- Jesteś podobnie jak Marek Grechuta śpiewającym architektem. W której profesji spełniasz się bardziej?
- Obie profesje są dla mnie ważne.W tej chwili moje życie tak się ułożyło, że więcej czasu poświęcam muzyce, ale o architekturze nie zapomniałem i cały czas mam kontakt z tym zawodem.
- Ponoć żaden z muzyków Zakopowera nie ukończył szkoły muzycznej. Jak się zaczęła Wasza przygoda z muzyką?

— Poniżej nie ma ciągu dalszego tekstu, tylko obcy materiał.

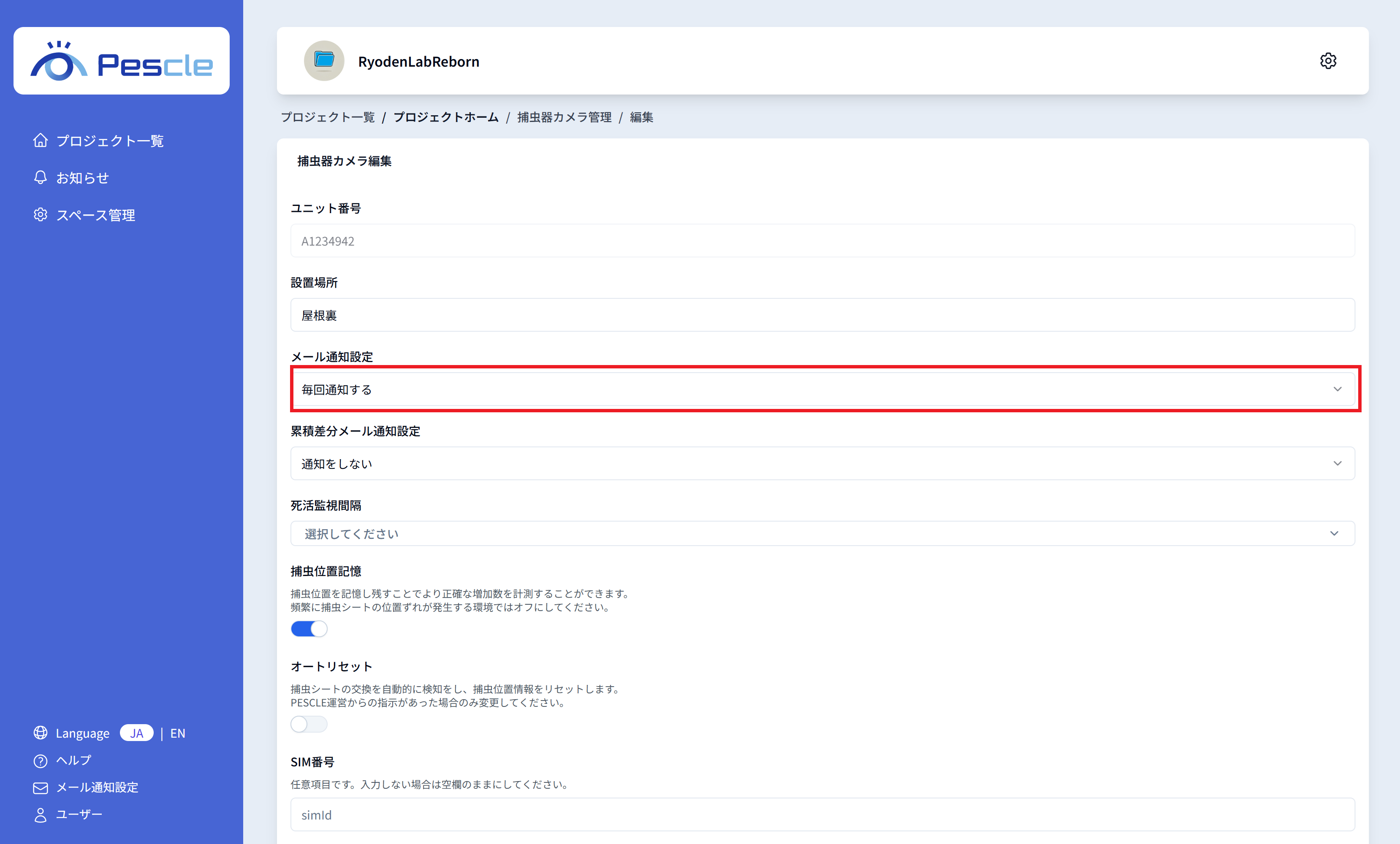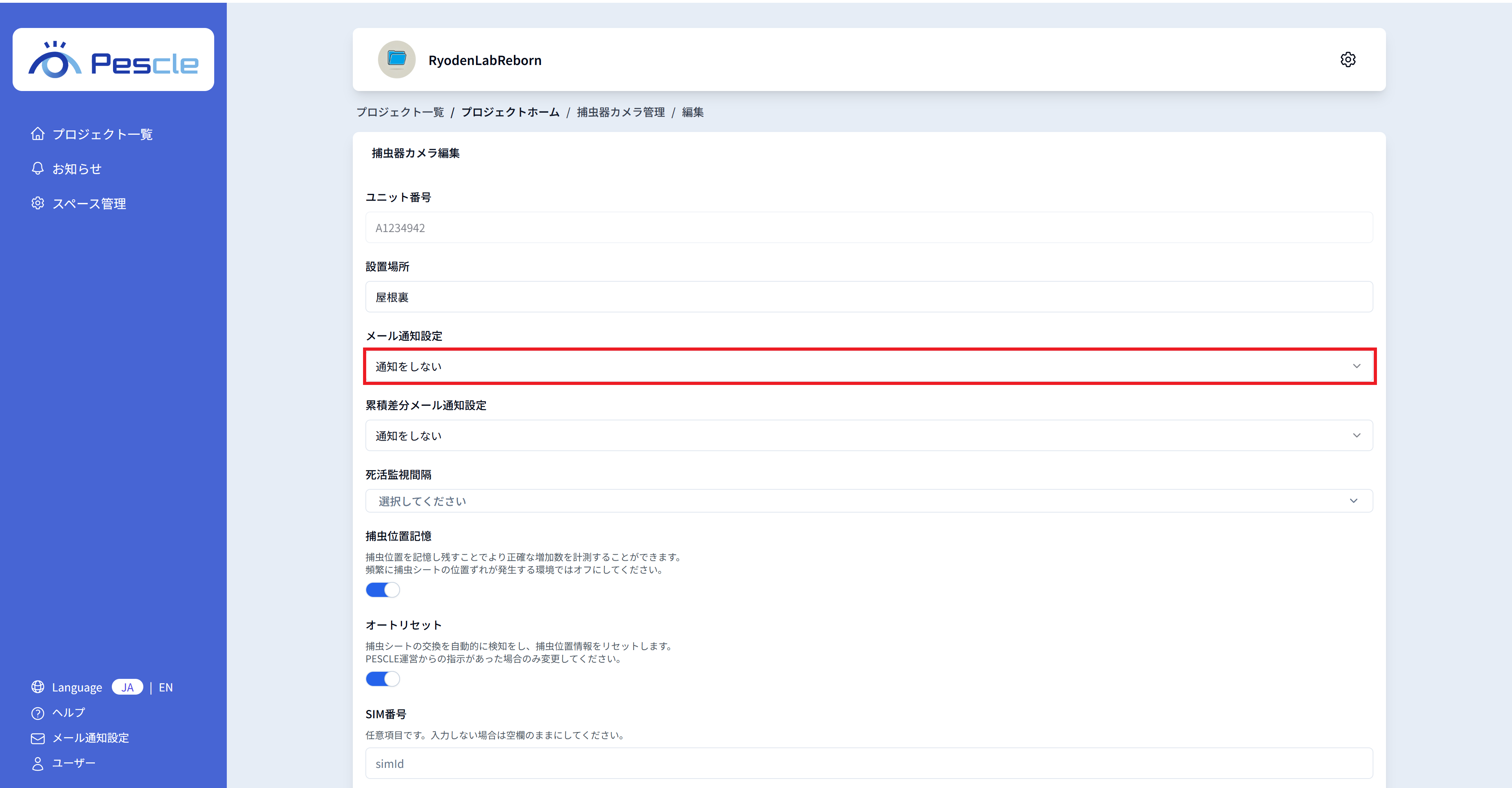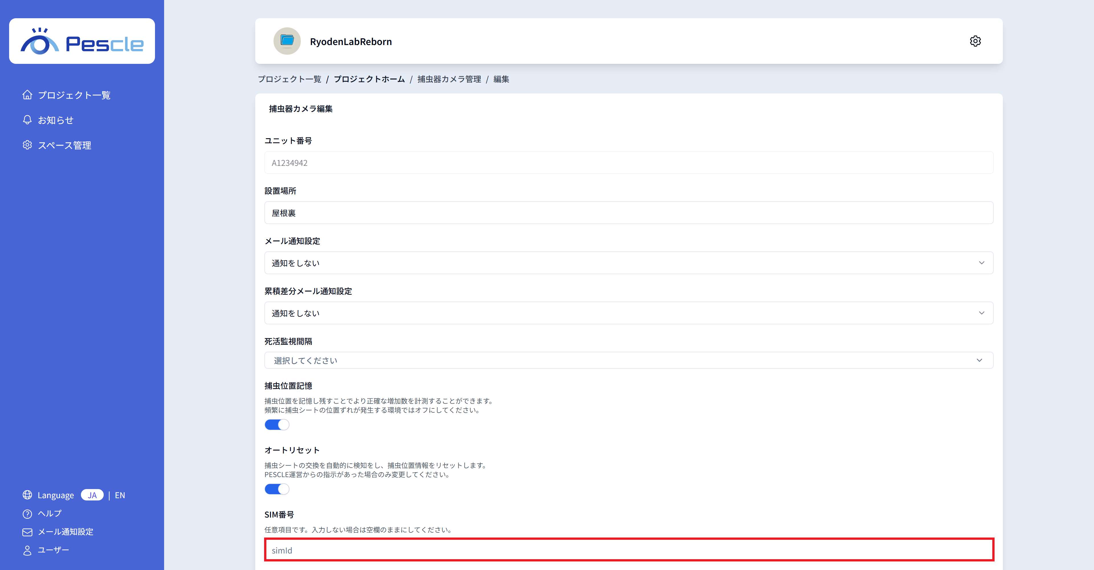 捕虫器カメラの SIM 番号を入力することが可能です。 任意ですので、不要であれば入力が無くとも問題ありません。

- Większość z nas to samoucy. Miałem to szczęście, że wyrosłem na Podhalu, a tam granie jest bardzo popularne i modne. Oprócz tego ukierunkowały mnie tradycje rodzinne, ponieważ mój brat i ojciec zajmowali się muzyką. Podobnie z resztą zespołu.
- Co takiego jest w góralskiej nucie, że już od czasów Skaldów fascynuje młodych muzyków grających dla masowej publiczności?
- Myślę, że ta muzyka jest po prostu prawdziwa. Są w niej zawarte szczere emocje, dlatego ludzie się nią fascynują, poza tym jest NASZA, POLSKA! A to bardzo ważne.
- Trebunie Tutki mieszali góralski folk i reggae, Psio Crew zrobił fuzję z drum and bassem i raggamuffin, Kapela ze Wsi Warszawa z dubem i elektroniką, a wy z rockiem. Na ile sposobów można grać muzykę gór?
- My nie gramy muzyki gór. To co prezentujemy na scenie, z folkiem ma wspólne tylko niektóre pierwiastki, przede wszystkim nasze dusze są góralskie i to głównie słychać w naszej muzyce. Pojawia się też instrumentarium, które wynieśliśmy z Podhala, takie jak dudy podhalańskie czy instrumenty pasterskie. Dlatego to co gramy zdecydowanie bliższe sjest szeroko pojętej muzyce etnicznej niż przerobionemu folklorowi.
Zakopower wystąpi w Londynie 13 maja.